*** STORED DATA Section Begins ***

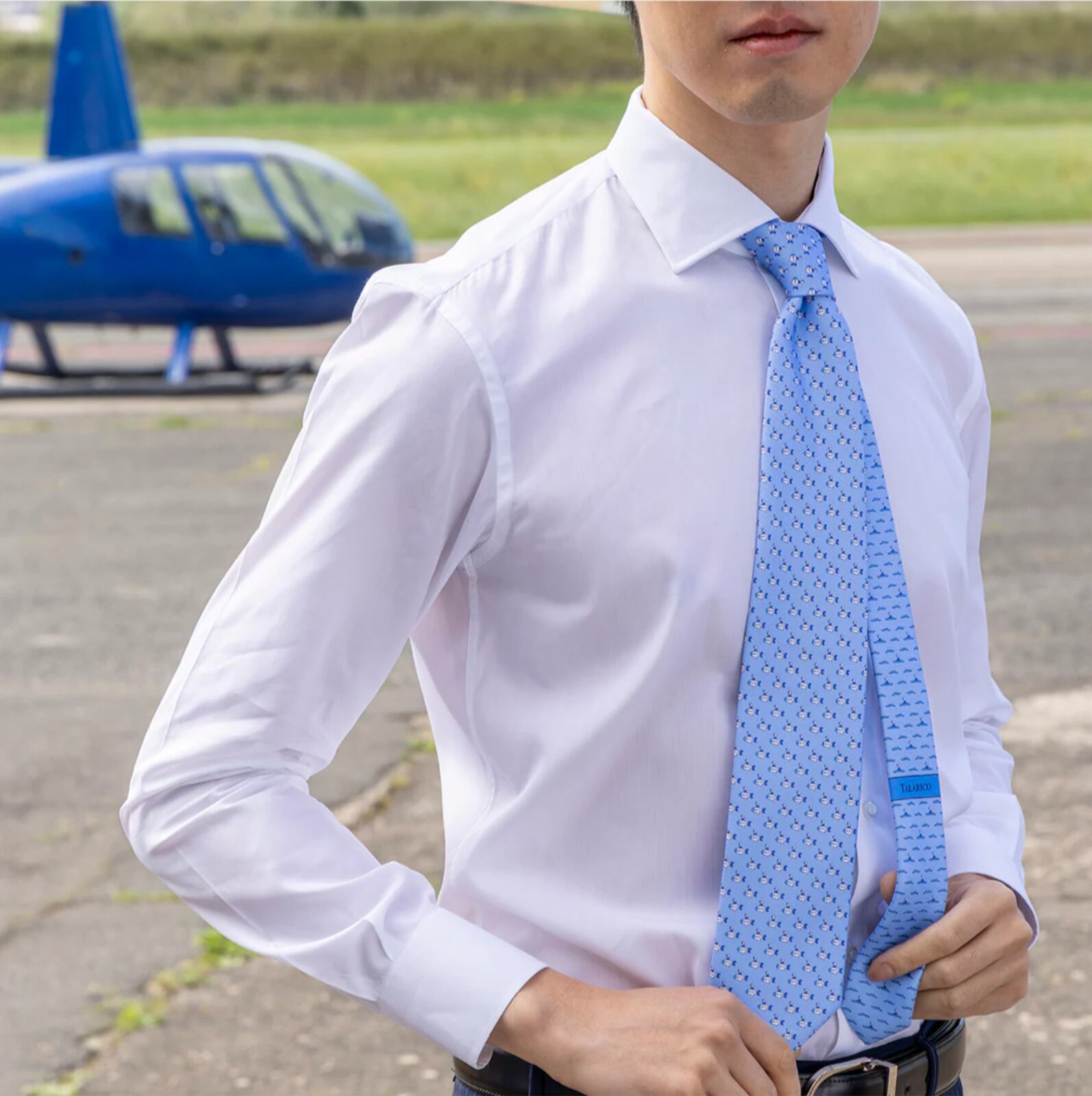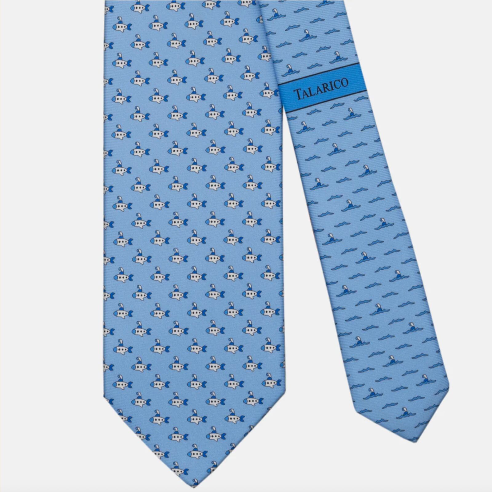 Maurizio TALARICO Collection 3-fold Tie in Silk Submarine Pattern Light Blue
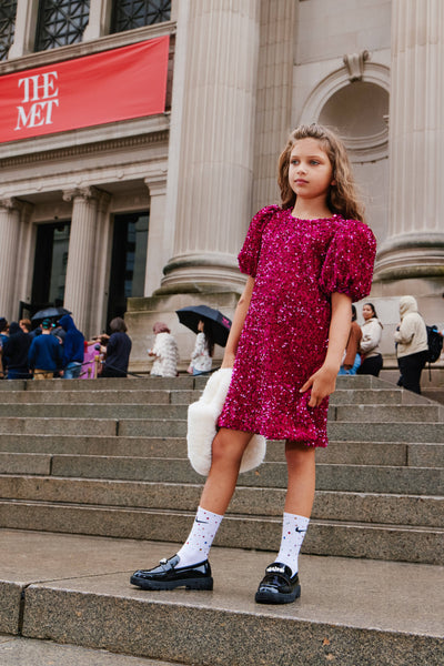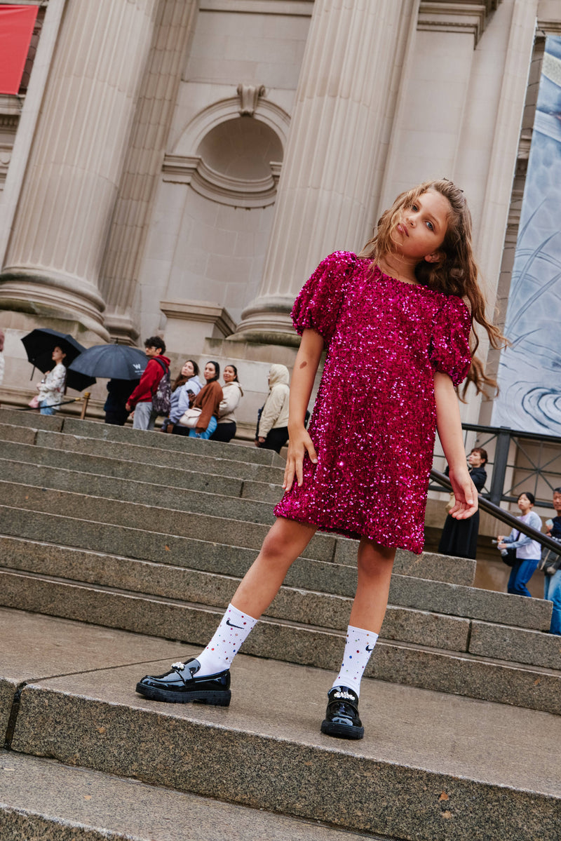 Luxurious velvet fabric provides a rich texture, while the sparkling sequins catch the light, ensuring your little one shines with every step.
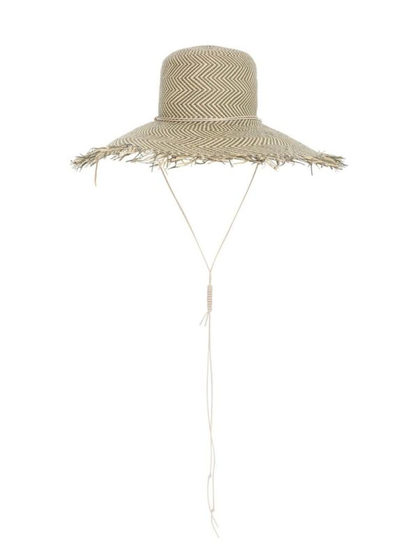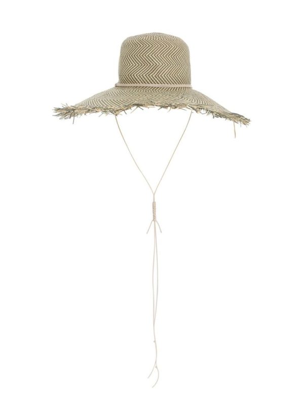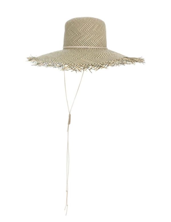 The Herringbone Wide Brim Hat in Olive from our Summer Swim 2023 Collection. A wide brim hat featuring contrast strands of straw throughout and a cotton drawstring.
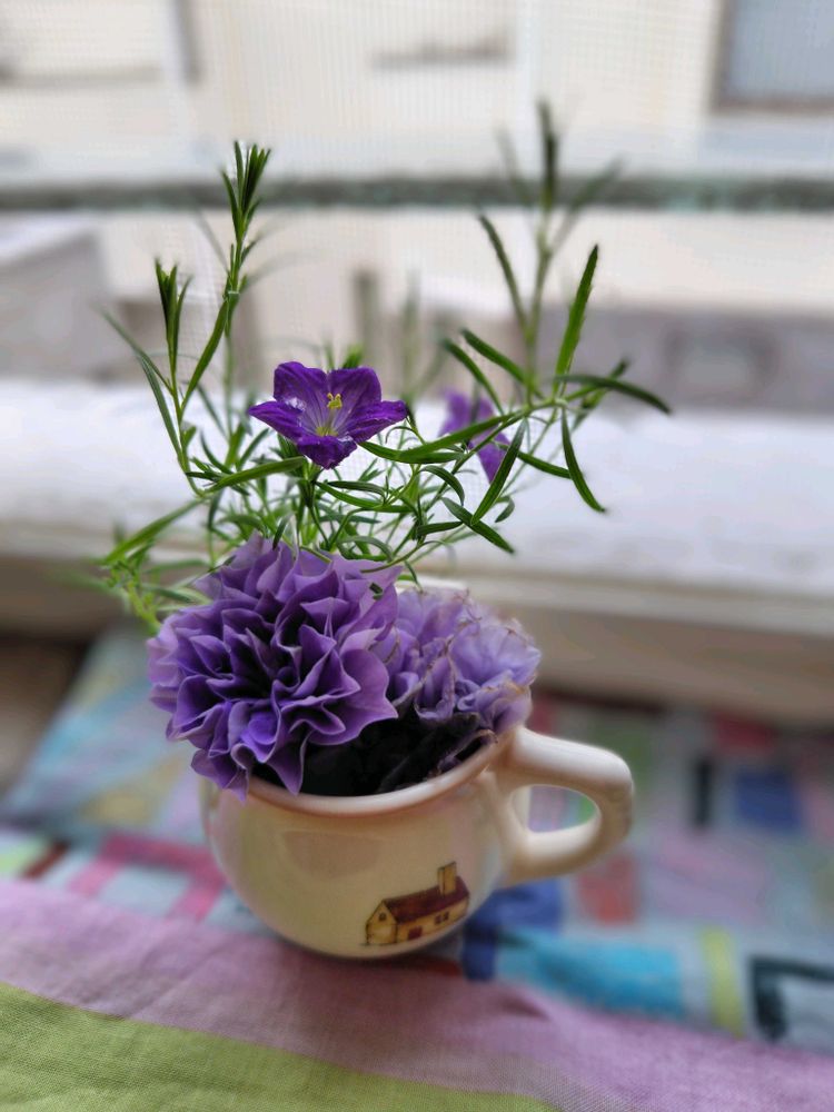 カップに飾られたペチュニアさんとニーレンベルギアさん素敵✨️です~🥹
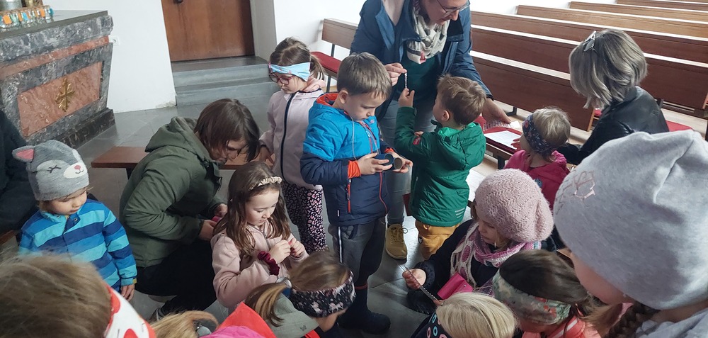 Ein Blick durch das selbstgebastelte Fernrohr und dann ging es los auf Entdeckungstour durch die Kirche. In Gruppen besuchten die Kinder die verschiedensten Stationen. Die Sakristei wurde von Dietmar Hirschbühl erklärt, Pfarrer Ratz ließ die Augen beim neuen Taufbecken, der Osterkerze sowie dem Altar strahlen. Sandra stimmte mit den Kindern die Orgel an und mit Anna wurden bei den Opferkerzen Wünsche zu Gott gesendet und den Beichtstuhl begutachtet. Zum Abschluss durften die Erstkommunionskinder noch den Kirchturm erklimmen.
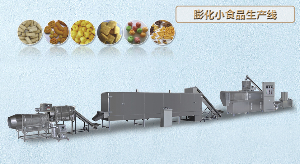 膨化主机主要是把小麦粉、大米粉、玉米粉等各类食用粉类加工成各种形状各异,口味独特的食品...
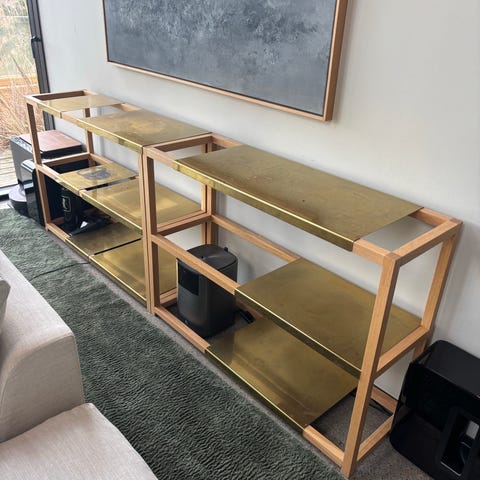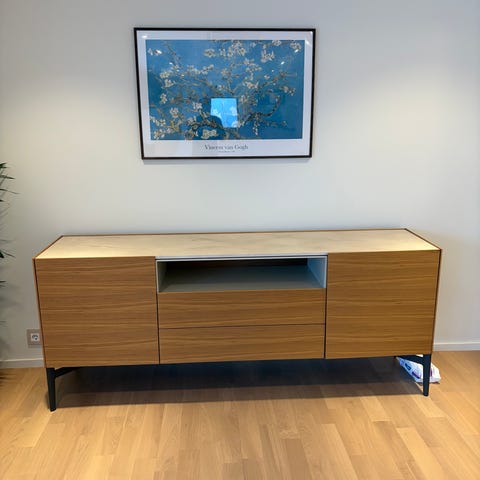 Gediget sideboard i svartbetsad ek med tre hyllan som vilar på en dekorativ svart stålram.
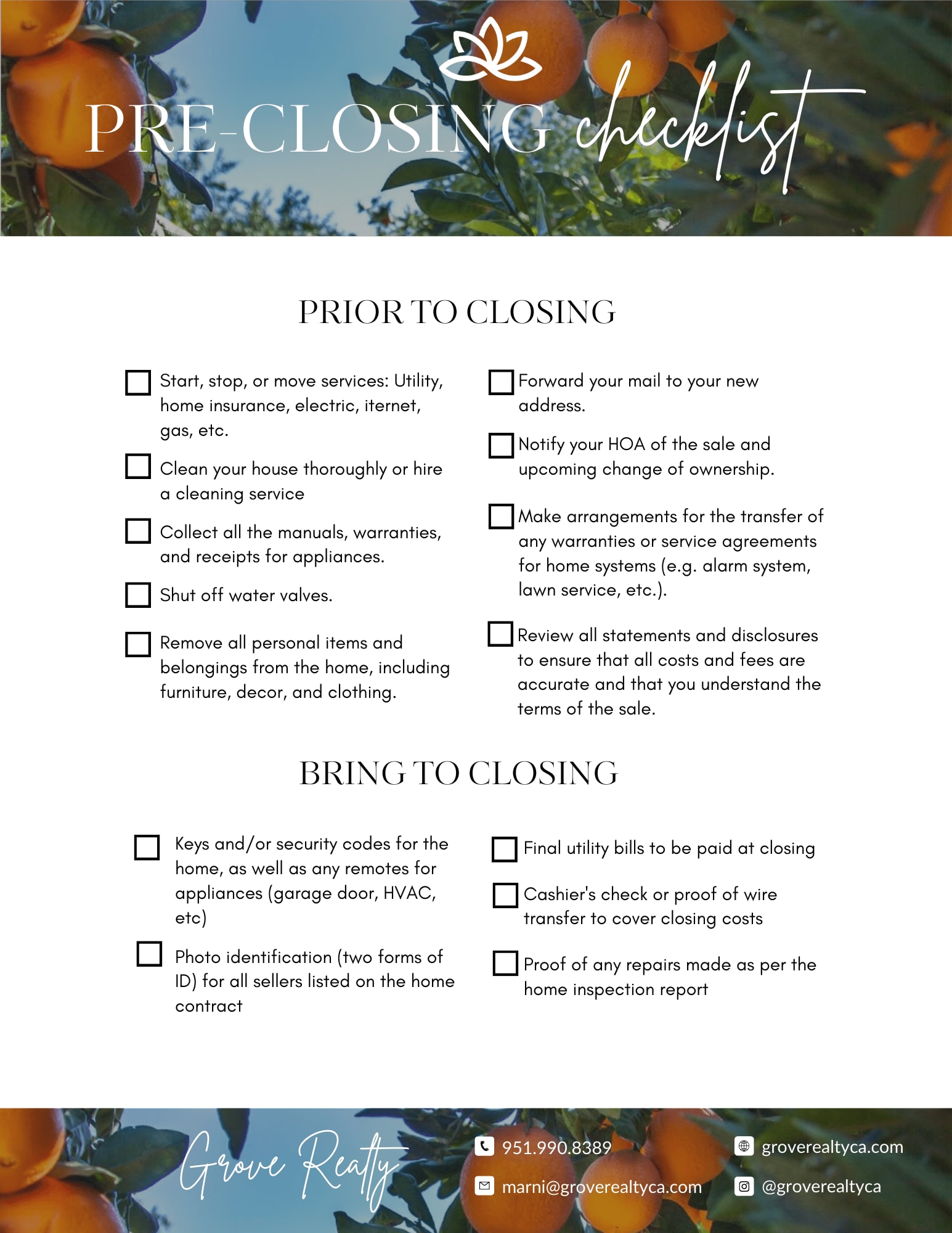 PRE-CLOSING CHECKLIST
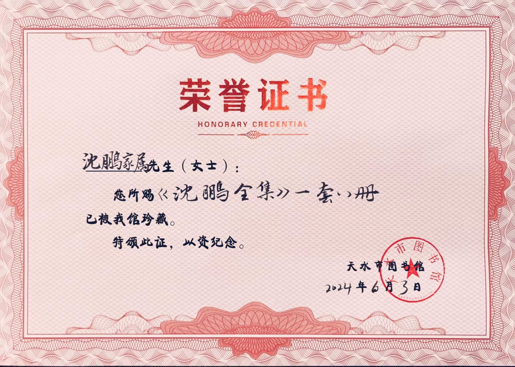 日前,已故第八届全国政协委员,原中国书法家协会常务理事、主席,著名书法家、美术评论家、诗人沈鹏先生家属通过邮寄向天水市图书馆赠送了由书法出版社出版的学术研究以及书法创作轨迹和成果的《沈鹏全集》一套。
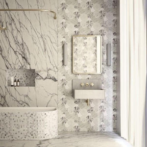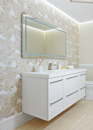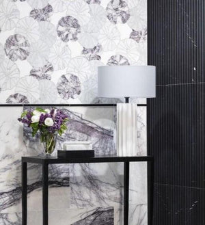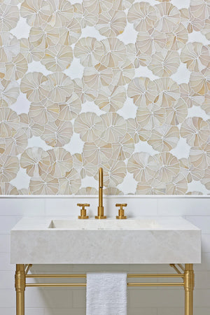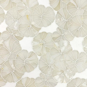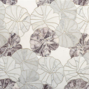 Thoreau described Walden pond as "tranquil and lovelier than diamonds," and ever since it has stood as a symbol of nature’s restorative and meditative quality. This mosaic traces the shape of peaceful lily pads floating atop still water. WALDEN is stocked in two elegant colorways, polished Bianco Onyx and honed Lilac, and may be customized with the glass or stone.
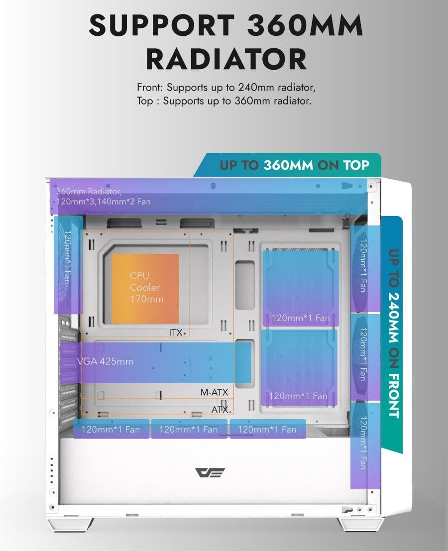 CASE DARKFLASH DS900WD WHITE ( ATX - CHƯA KÈM FAN )
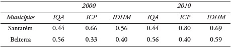 Há uma relação inversa entre ICP e IQA para os municípios de Belterra e Santarém, onde o Belterra, que obteve maior IQA apresentou menor ICP, enquanto Santarém, com menor IQA apresentou melhor ICP. O índice de qualidade ambiental é capaz de mensurar a qualidade do ambiente no momento presente, tanto em relação ao ambiente natural (neste trabalho representado pela cobertura vegetal), como ao ambiente construído (serviços sanitários), relacionando objetivos de segurança ambiental e prevenção da degradação (Braga, 2006).
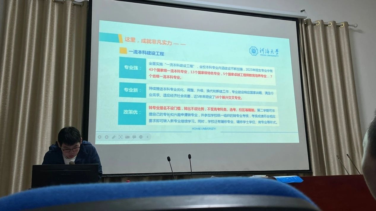 此外,陈子轩和同学们分享了望江二中在开云电竞网的学长的毕业去向,其中去往清华大学读研究生的学长的故事使得不少同学得到了激励。陈子轩同学还为同学们全方位地介绍开云电竞网,重点介绍了开云电竞网的历史、开云电竞网的特色专业以及开云电竞网精彩纷呈的校园生活。其中水利专业世界第一以及河海足球的傲人成绩令诸多同学惊叹,更让同学们加深了对开云电竞网的向往。
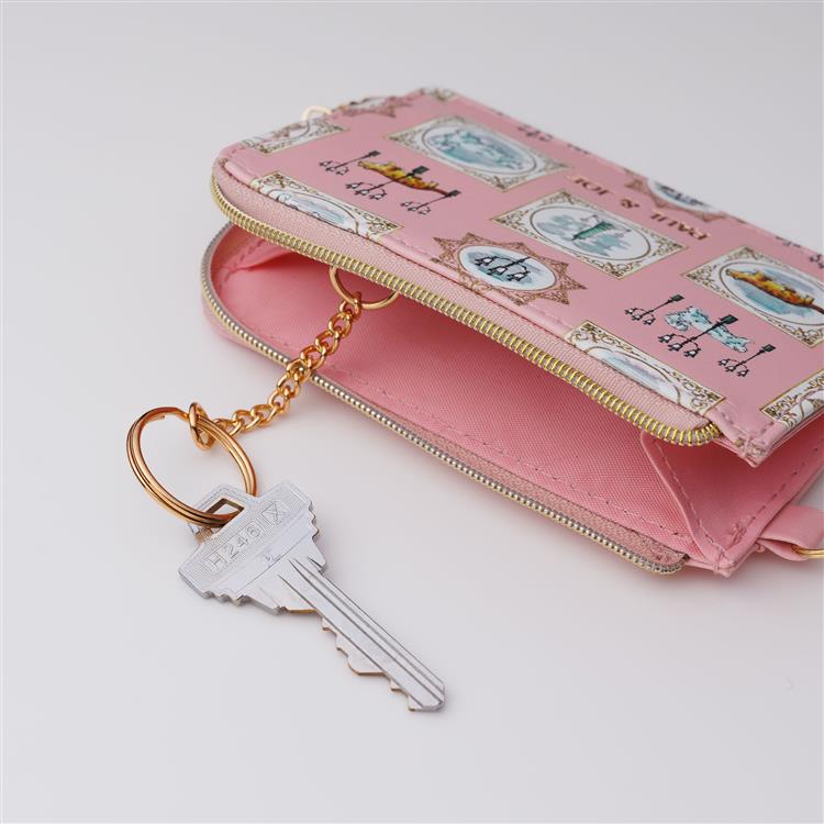 ミニ財布としても活躍するファスナー式メインコンパートメントは、鍵を付けられるキーリング付き。

*** STORED DATA Section Ends ***

#### YOUR GOAL
In the listing above, find the line holding "日前,已故第八届全国政协委员" and the line holding "CASE DARKFLASH DS900WD". Reproduce those two lines and all between them exactly, leaving out pictures.

#### SOLUTION BELOW
 日前,已故第八届全国政协委员,原中国书法家协会常务理事、主席,著名书法家、美术评论家、诗人沈鹏先生家属通过邮寄向天水市图书馆赠送了由书法出版社出版的学术研究以及书法创作轨迹和成果的《沈鹏全集》一套。
 Thoreau described Walden pond as "tranquil and lovelier than diamonds," and ever since it has stood as a symbol of nature’s restorative and meditative quality. This mosaic traces the shape of peaceful lily pads floating atop still water. WALDEN is stocked in two elegant colorways, polished Bianco Onyx and honed Lilac, and may be customized with the glass or stone.
 CASE DARKFLASH DS900WD WHITE ( ATX - CHƯA KÈM FAN )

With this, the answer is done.